Exercise: Go through the data below and return each line where the string "para" occurs.

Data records
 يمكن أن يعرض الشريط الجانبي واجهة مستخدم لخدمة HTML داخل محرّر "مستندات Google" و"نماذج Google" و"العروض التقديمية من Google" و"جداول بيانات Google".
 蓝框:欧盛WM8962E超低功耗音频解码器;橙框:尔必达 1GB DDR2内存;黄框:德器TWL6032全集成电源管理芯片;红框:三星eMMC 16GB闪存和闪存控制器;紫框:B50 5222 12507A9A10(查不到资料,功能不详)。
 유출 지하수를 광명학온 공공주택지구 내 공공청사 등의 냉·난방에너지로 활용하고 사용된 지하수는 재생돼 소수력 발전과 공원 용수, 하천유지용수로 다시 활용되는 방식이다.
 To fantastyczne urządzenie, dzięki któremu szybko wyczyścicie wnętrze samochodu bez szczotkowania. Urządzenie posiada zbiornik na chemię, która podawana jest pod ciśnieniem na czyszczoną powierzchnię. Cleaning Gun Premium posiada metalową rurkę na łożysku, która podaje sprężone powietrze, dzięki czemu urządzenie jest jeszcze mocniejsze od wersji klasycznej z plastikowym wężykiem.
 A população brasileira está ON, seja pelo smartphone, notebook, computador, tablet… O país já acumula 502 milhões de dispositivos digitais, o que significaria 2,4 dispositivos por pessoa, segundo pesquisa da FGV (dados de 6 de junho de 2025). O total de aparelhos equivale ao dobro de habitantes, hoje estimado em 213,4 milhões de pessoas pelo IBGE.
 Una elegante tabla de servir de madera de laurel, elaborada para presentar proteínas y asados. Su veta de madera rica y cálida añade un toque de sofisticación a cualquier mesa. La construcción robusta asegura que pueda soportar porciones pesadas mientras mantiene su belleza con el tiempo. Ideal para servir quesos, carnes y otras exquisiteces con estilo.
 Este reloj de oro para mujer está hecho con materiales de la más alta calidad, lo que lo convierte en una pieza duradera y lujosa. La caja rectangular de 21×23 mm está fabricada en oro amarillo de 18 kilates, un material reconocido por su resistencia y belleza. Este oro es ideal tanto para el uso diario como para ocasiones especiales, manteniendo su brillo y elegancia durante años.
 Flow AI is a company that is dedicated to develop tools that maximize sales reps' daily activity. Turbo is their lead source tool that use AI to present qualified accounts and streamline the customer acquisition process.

--

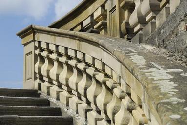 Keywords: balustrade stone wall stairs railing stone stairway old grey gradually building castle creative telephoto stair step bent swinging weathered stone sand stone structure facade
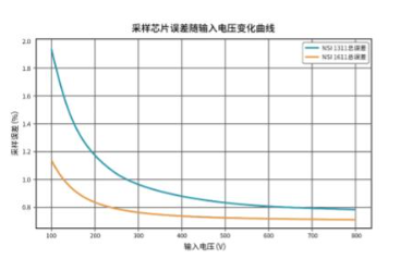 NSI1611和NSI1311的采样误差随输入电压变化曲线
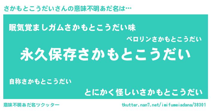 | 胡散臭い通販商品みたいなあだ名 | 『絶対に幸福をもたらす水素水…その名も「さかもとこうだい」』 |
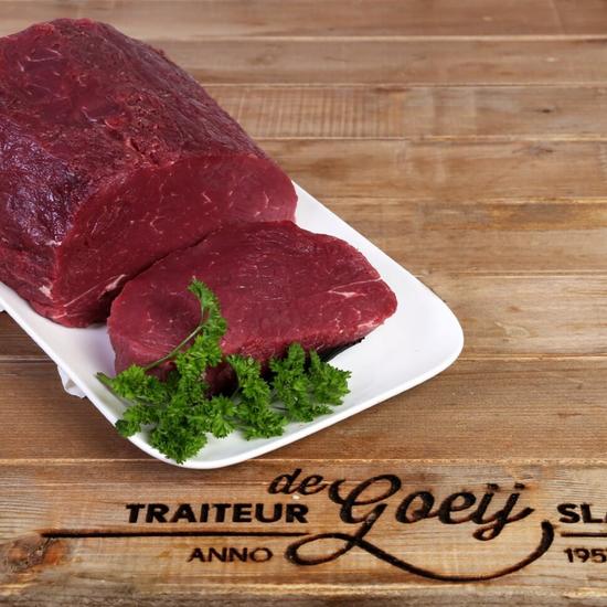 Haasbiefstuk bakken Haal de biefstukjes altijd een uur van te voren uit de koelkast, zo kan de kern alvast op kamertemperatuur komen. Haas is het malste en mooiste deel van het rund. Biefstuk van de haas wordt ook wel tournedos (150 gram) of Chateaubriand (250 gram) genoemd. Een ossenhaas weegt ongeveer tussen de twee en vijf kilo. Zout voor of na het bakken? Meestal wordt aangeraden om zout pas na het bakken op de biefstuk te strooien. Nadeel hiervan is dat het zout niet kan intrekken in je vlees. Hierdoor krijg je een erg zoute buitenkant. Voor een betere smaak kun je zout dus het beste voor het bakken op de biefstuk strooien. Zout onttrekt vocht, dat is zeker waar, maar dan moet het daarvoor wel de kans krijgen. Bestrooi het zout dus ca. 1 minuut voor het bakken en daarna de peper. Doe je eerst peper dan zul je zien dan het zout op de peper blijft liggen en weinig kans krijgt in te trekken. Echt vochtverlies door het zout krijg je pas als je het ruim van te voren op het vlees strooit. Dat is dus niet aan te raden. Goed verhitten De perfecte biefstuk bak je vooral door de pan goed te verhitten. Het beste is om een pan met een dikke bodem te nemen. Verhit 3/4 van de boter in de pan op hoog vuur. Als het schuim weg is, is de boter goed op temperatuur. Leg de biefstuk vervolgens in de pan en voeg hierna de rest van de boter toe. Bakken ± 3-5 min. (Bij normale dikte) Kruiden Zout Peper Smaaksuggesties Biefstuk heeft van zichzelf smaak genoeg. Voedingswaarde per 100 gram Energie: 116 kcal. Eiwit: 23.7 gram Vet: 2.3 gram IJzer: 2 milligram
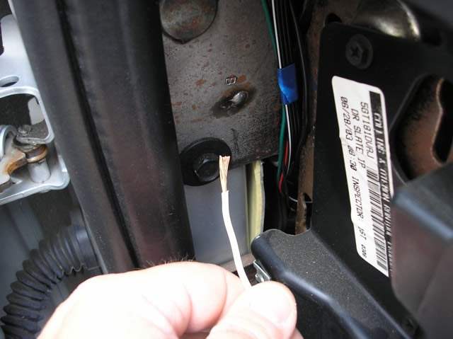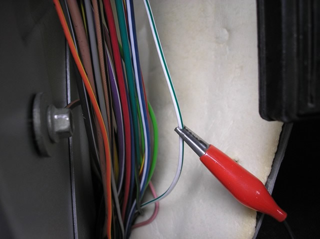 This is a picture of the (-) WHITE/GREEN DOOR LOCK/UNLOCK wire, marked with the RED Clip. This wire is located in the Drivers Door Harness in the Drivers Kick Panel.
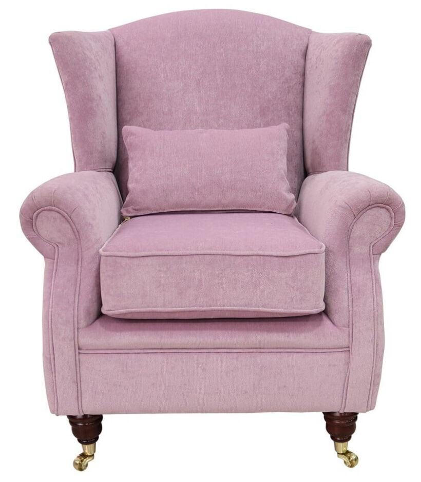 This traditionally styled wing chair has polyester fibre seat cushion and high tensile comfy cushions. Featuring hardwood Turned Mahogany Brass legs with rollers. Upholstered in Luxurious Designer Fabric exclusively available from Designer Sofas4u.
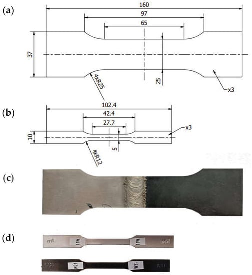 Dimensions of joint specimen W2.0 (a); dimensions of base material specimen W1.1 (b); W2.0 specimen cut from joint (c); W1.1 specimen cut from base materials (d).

Exercise solution:
 Una elegante tabla de servir de madera de laurel, elaborada para presentar proteínas y asados. Su veta de madera rica y cálida añade un toque de sofisticación a cualquier mesa. La construcción robusta asegura que pueda soportar porciones pesadas mientras mantiene su belleza con el tiempo. Ideal para servir quesos, carnes y otras exquisiteces con estilo.
 Este reloj de oro para mujer está hecho con materiales de la más alta calidad, lo que lo convierte en una pieza duradera y lujosa. La caja rectangular de 21×23 mm está fabricada en oro amarillo de 18 kilates, un material reconocido por su resistencia y belleza. Este oro es ideal tanto para el uso diario como para ocasiones especiales, manteniendo su brillo y elegancia durante años.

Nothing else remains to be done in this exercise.